Русские, или Из дворян в интеллигенты — страница 88 из 94

И вера — в идеал, данный Христом, — тоже мука: «Я потерял Бога…»

Мало того. У Анненского — не просто трагическое, мучительное мировосприятие. У него и трагизм и мука доходят до степени мазохизма: до какого-то жадного любопытства к процессу муки и самомучительства. Так в «Смычке и струнах». Так в «Старой шарманке»:

Небо нас совсем свело с ума:

То огнем, то снегом нас слепило,

И, ощерясь, зверем отступила

За апрель упрямая зима.

..Лишь шарманку старую знобит,

И она в закатном мленьи мая

Всё никак не смелет злых обид,

Цепкий вал кружа и нажимая.

И никак, цепляясь, не поймет

Этот вал, что не к чему работа,

Что обида старости растет

На шипах от муки поворота.

Но когда б и понял старый вал,

Что такая им с шарманкой участь,

Разве б петь, кружась, он перестал

Оттого, что петь нельзя, не мучась?..

Однажды Николай Заболоцкий, обосновывая в устном споре свою нелюбовь к Фету, опроверг и прелесть приведенных его оппонентом строк о бабочке: «Ты прав: одним воздушным очертаньем я так мила, весь бархат мой с его живым миганьем — лишь два крыла…»:

— Вы рассматривали когда-нибудь бабочку внимательно, вблизи? Неужели вы не заметили, какая у нее страшная морда и какое отвратительное тело?
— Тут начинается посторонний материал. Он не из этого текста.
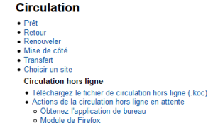 Ce module, une fois installé sur votre navigateur, permet d’enregistrer des transactions de circulation lorsque vous n’avez plus accès à internet (ce qui reste rare quand même) et de pouvoir une fois la connexion revenue les charger directement dans Koha.
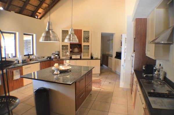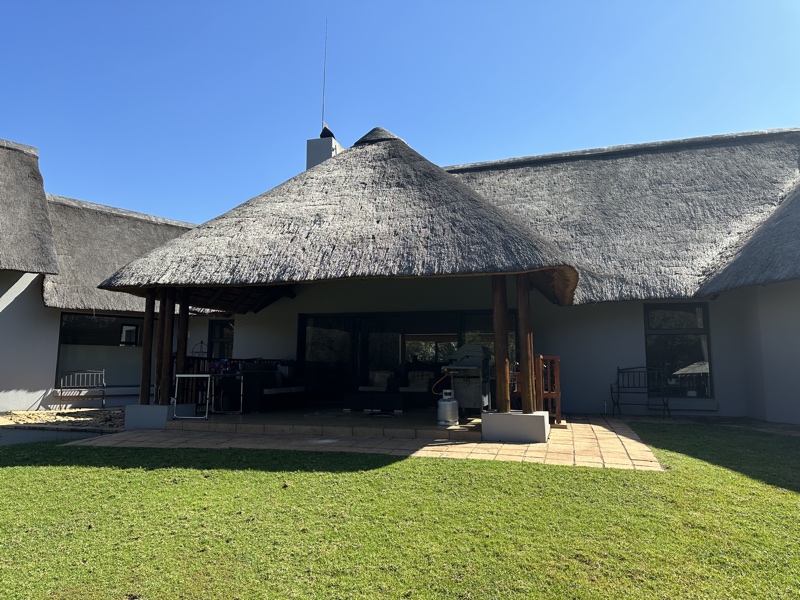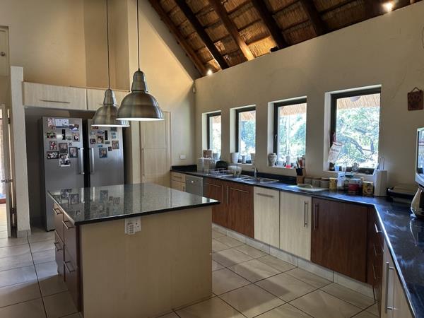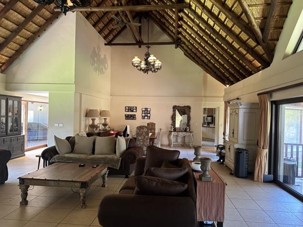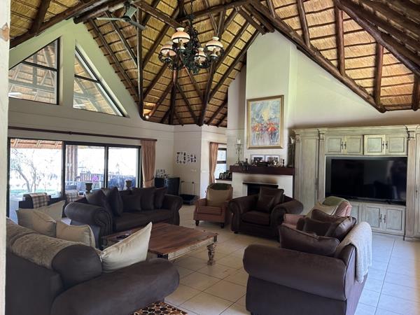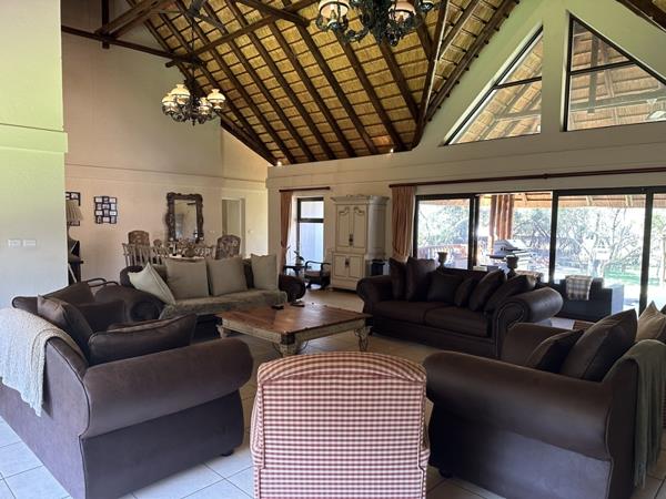 Set on 10 000 m2 stand with river frontage, the manicured lawns lead to a boma, a play pen and a brand new pool. The home has its own water tanks, a generator and fibre.
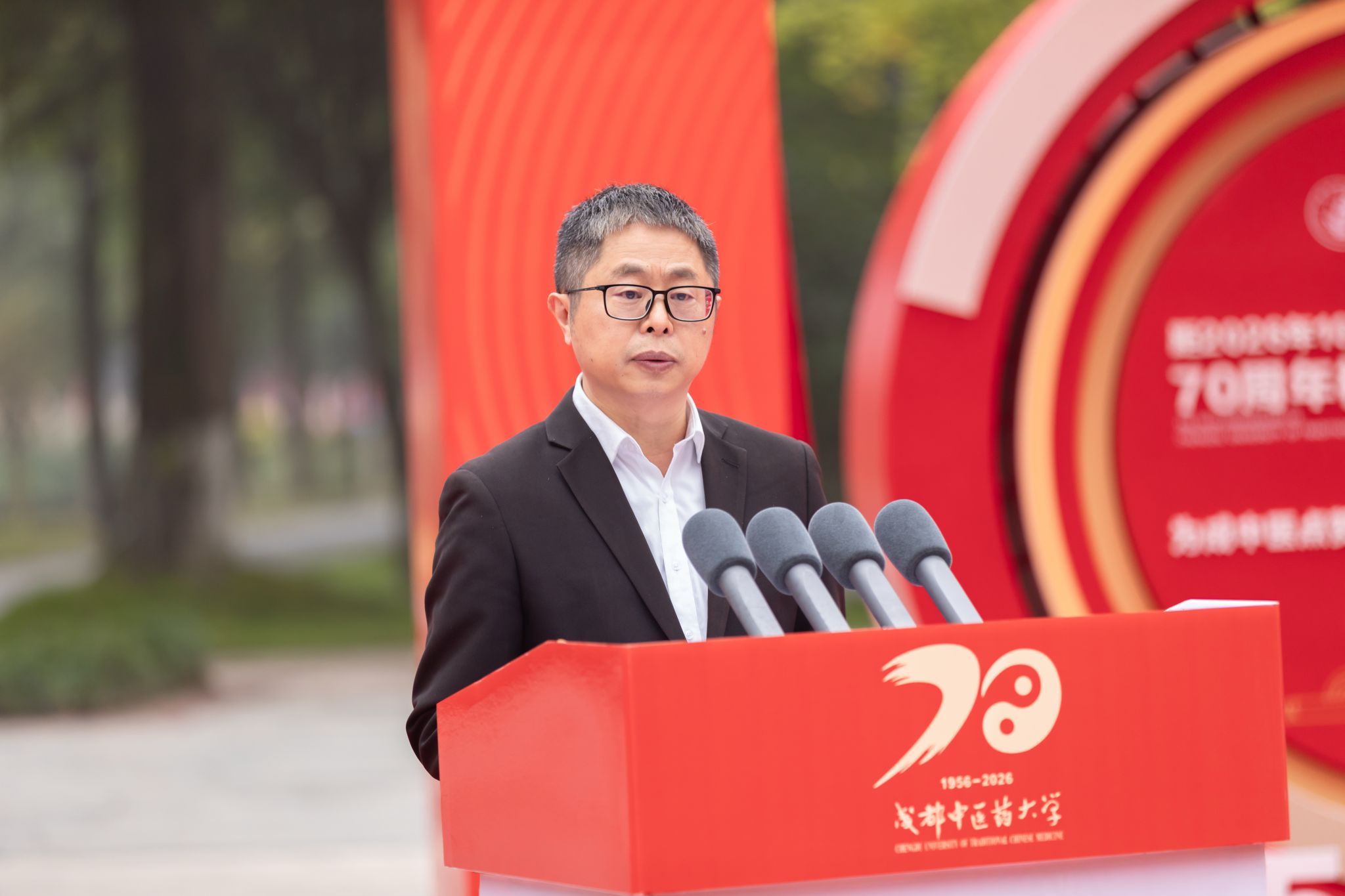 张泽钧在启动仪式上讲话,他指出,Beat365中文官方网站七十年耕耘路,绘就了一幅与国同运、厚朴远志的创业画卷;谱写了一曲守正出新、砥砺前行的开拓之歌;收获了一幅同心致远、桃李天下的丰收图景;Beat365中文官方网站的70年,是成中医与国家民族同呼吸、共命运,扎根中国西部的立业史;是成中医人用信念和热忱,将自身发展融入国家需要的奋进史;是中医药高等教育根植华夏文明沃土,生动彰显精神底蕴的发展史。
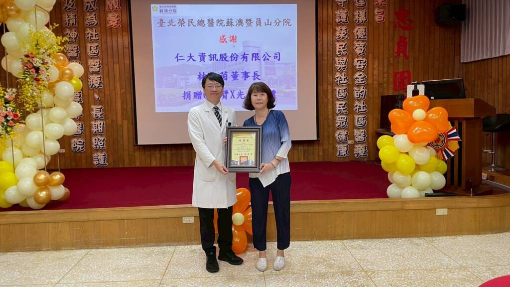 全國知名仁大資訊公司善盡社會責,該公司林士茵董事長為提升偏鄉醫療環境,今(23日)上午在北榮總醫院蘇澳分院,捐贈一台全新(移動式C型X光機)價值240萬元,為北榮蘇澳分院帶來創院以來,首次醫療裝備捐贈。熊夢平代理院長致詞時表示,感謝仁大公司林事長捐贈,C型移動式X光機加入,為本院醫療韌性新添生力軍,這台X光機可提供手術術中影像導引和床邊攝影,讓醫師在手術時能即時監控、精準定位,並減少病患移動的風險與時間,特別適用於骨科等手術,以及急重症或行動不便的病患的床邊檢查,熊夢平代理院長致贈感謝狀,也讓分院醫護同仁感受到滿溢的溫暖。
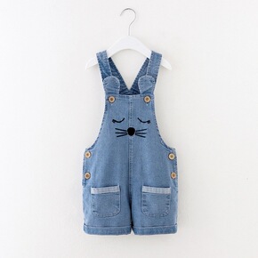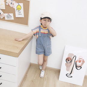 童裤2022夏装新款韩版儿童纯色牛仔背带短裤男童女...

Это спор эстетический. По сравнению с Фетом, гармонизирующим сущую реальность — но уже с усилием, без пушкинской легкости, — у Заболоцкого принципиально иная оптика. Как и у Анненского, какой он там ни эллинист. Образ шарманки, продолжающей делать свое старинное дело, нагружен, чуть не перегружен деталями, увиденными «вблизи»: этот вал, эти шипы…

Механик, да и только!

«Я завожусь на тридцать лет…» Завожусь — как будильник! «В работе ль там не без прорух, иль в механизме есть подвох…» В механизме, который если не разбирают, то кропотливо исследуют, как исследуют лишь себя самого! И в стихотворении «Лира часов» (то есть маятник, к слову, по правилам грядущего акмеизма, отнюдь не умозрительно воображенный, а деталь реальных часов, принадлежавших самому поэту — «в форме лиры и с маятником-лирой») этот маятник сопоставлен с собственным мающимся сердцем. Кем-то зачем-то — зачем? — вызванным к жизни:

И, грубо лишенная мира,

Которого столько ждала,

Опять по тюрьме своей лира,

Дрожа и шатаясь, пошла.

Как у Пушкина: «Кто меня враждебной властью из ничтожества воззвал?»…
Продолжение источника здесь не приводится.